Kashmir Indepth

84,000 vacant posts in Kashmir, but no recruitment yet: Report

Almost seven months after Article 370 was revoked in Jammu and Kashmir, the Union Home Ministry has informed a parliamentary standing committee that the J&K administration has identified nearly 84,000 vacant government posts in the newly created Union Territory but the recruitment is yet to begin as the details are still being scrutinised, reported The Hindu.

According to report, Home Minister Amit Shah moved two Bills in the Rajya Sabha on August 5 that read down Article 370 that had granted special status to Jammu and Kashmir and downgraded and bifurcated the State into two Union Territories — J&K and Ladakh. In his speech, Shah linked Article 370 to poor economic development in the region.

According to the Ministry’s reply to the parliamentary panel on February 18, as many as 76,453 vacancies are of non-gazetted and Class IV level posts. Merely, 7,552 vacancies are gazetted posts. On August 28, the then Governor Satya Pal Malik said at a press conference in Srinagar that the government had identified 50,000 government jobs and the vacancies would be filled soon.

In December, the Kashmir Chamber of Commerce and Industries (KCCI) pegged the losses post-August 5 security measures that included a continued communication lockdown in the Kashmir Valley at Rs 17,878 crore.

A report of the panel headed by senior Congress leader Anand Sharma that was tabled in Parliament last week asked the government “to expedite the recruitment process and fill the vacancies in a time-bound manner”.

“The committee further recommends to reserve seats for the local youth so that they can get due share in the government jobs of the UT,” The Hindu quoted the report of the panel headed by senior Congress leader Anand Sharma as having said.

When the committee sought to know about the initiatives proposed to employ people, the Ministry submitted, “The available data indicate vacancies of 22,078, 54,375 and 7,552 at Class IV, non-gazetted and gazetted level, respectively.
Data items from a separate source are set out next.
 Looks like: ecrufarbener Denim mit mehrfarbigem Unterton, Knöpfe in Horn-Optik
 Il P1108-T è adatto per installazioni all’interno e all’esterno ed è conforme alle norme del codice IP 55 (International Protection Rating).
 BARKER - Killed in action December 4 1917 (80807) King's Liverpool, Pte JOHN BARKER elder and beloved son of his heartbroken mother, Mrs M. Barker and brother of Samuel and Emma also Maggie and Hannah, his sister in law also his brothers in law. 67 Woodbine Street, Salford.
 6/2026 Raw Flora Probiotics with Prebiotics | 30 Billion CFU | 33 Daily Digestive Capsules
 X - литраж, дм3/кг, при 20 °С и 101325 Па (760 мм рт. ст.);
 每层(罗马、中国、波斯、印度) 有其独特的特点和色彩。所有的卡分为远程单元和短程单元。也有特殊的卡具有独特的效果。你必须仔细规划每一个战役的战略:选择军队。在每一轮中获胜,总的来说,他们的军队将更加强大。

The details are further being scrutinised and after finalisation of the exact vacancies available for direct recruitment, the Class IV and non-gazetted vacancies shall be referred to the Service Selection Board and gazetted vacancies to the Public Service Commission for selection,” the report said.
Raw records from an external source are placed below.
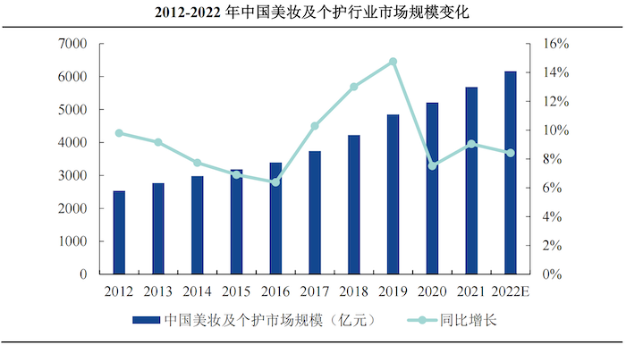 Euromonitor数据显示,我国美妆及个护行业市场规模由2012年的2535.59亿元增至2021年的5686.05亿元,复合增长率为9.39%,已发展成为仅次于美国的全球第二大美妆及个护产品消费市场。2022年我国美妆及个护行业市场规模预计将增长至6164.33亿元。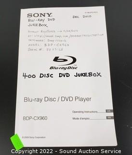 Lot #0328: Sony BDP-CX960 Blu-Ray/DVD 400 Disc Player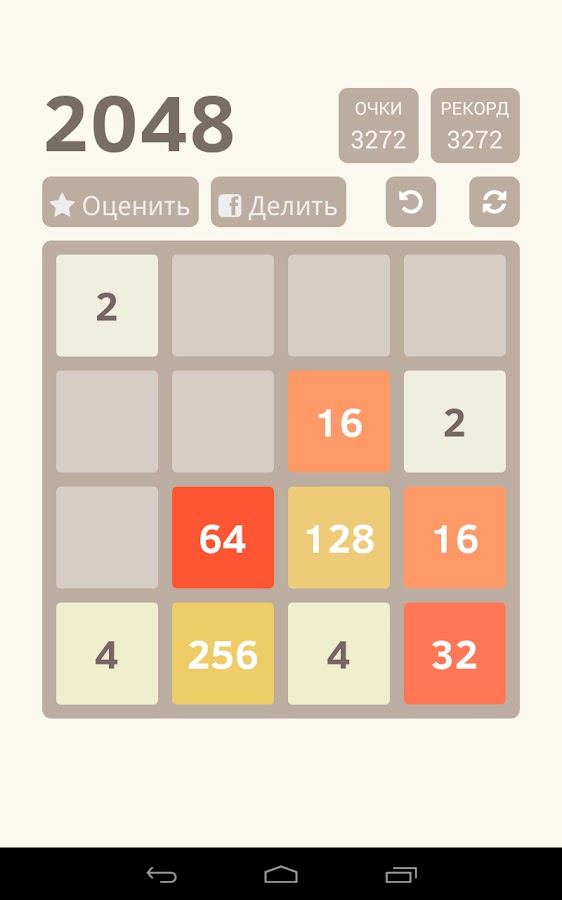 Проведите пальцем (вверх, вниз, влево, вправо), чтобы переместить все плитки. После каждого пролистывания в случайном пустом месте появляется новая плитка с числом 2 или 4. Когда две плитки-головоломки с одинаковым номером соприкасаются, они сливаются в одну. 2+2=4, 4+4=8, 8+8=16, 16+16=32, 32+32=64, 64+64=128, 128+129=256, .. 512 .. 1024 .. ., когда пазл 2048 будет создан, вы выиграете! Если в игре нет свободного места и нет соседних плиток с одинаковой цифрой, вы проигрываете.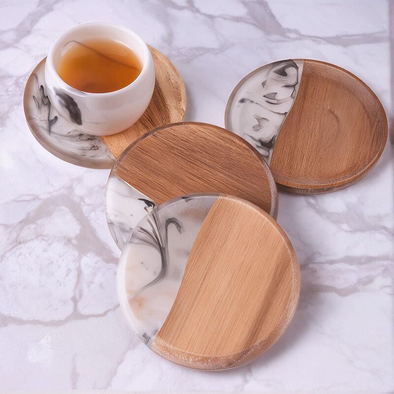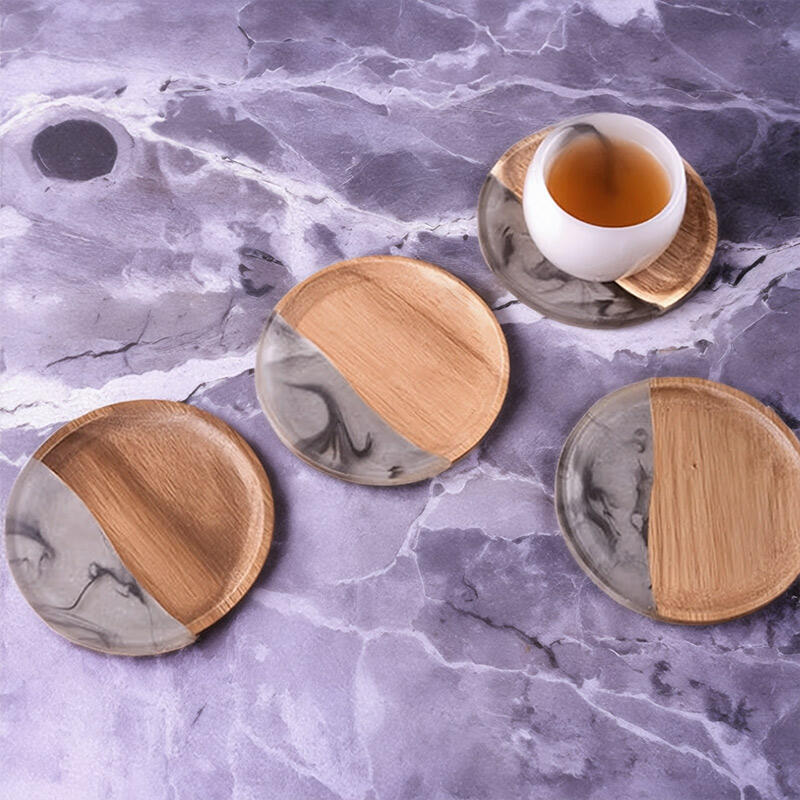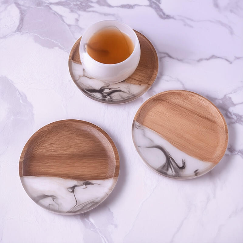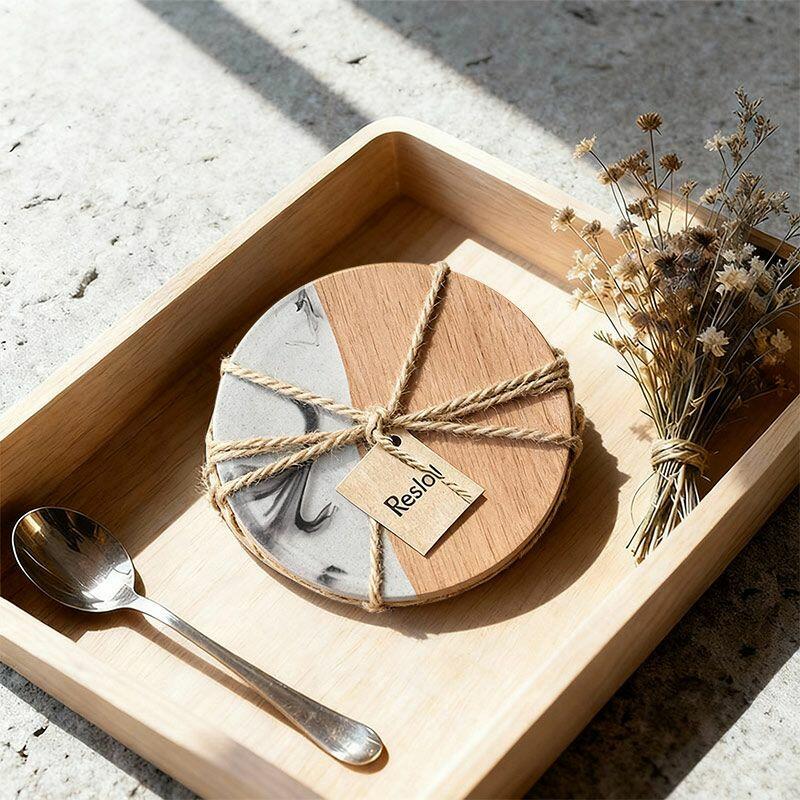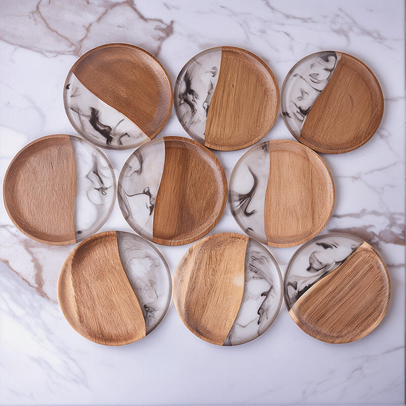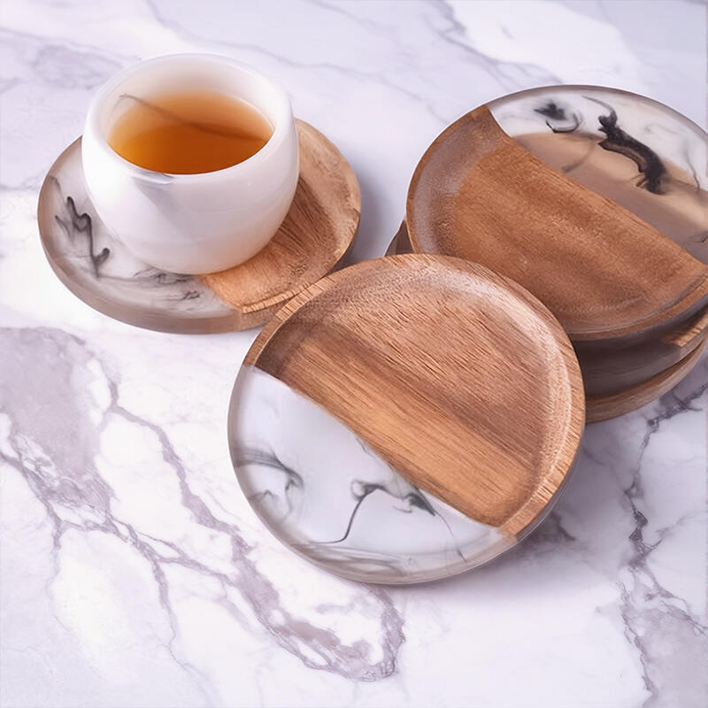 Hey, fans of unique and elegant items! Discover our Reslol Stylish Round Acacia & Epoxy Ink-inspired Coasters.

The Ministry said that to bring transparency, selection committees for Class IV posts had been abolished and the task assigned to the Service Selection Board.

“The selection shall now be conducted solely based on written tests to be conducted by the Service Selection Board. Similarly, in respect of gazetted and non-gazetted posts, the relevant rules have also been modified providing therein that the selection shall be made based on written tests to be conducted by the recruiting agency and oral test,” the report said.

In the Union Budget, Rs 30,757 crore was allotted to the Union Territory for the financial year 2020-21. When the committee sought to know the Union Territory administration’s plans to utilise the funds, the Administrator replied that the amount is in addition to the resources raised by the UT and Rs 26,800 crore will be spent on salaries as per the 7th Central Pay Commission recommendations.

Of the 54 projects sanctioned under the ₹80,000-crore Prime Minister’s Development Package (PMDP) announced in 2015 for J&K, only seven have been completed so far.

When asked about the completion status of the PMPD, the Jammu and Kashmir Chief Secretary informed the committee that as on December 2019, 46% amount of the package had been spent and “seven projects have already been completed.”

“By the end of the financial year 2020-21, 75% of the expenditure will be incurred and by the end of 2021, 90% will be spent. Further, the PMDP, which is ₹80,000 crore, is a separate allocation and is reflected in the individual department’s budget,” the Chief Secretary said.

The committee was also informed that more than 6,000 acres of government land in J&K has been found feasible for establishing and extending new industrial estates besides creation of infrastructural facilities, reported The Hindu.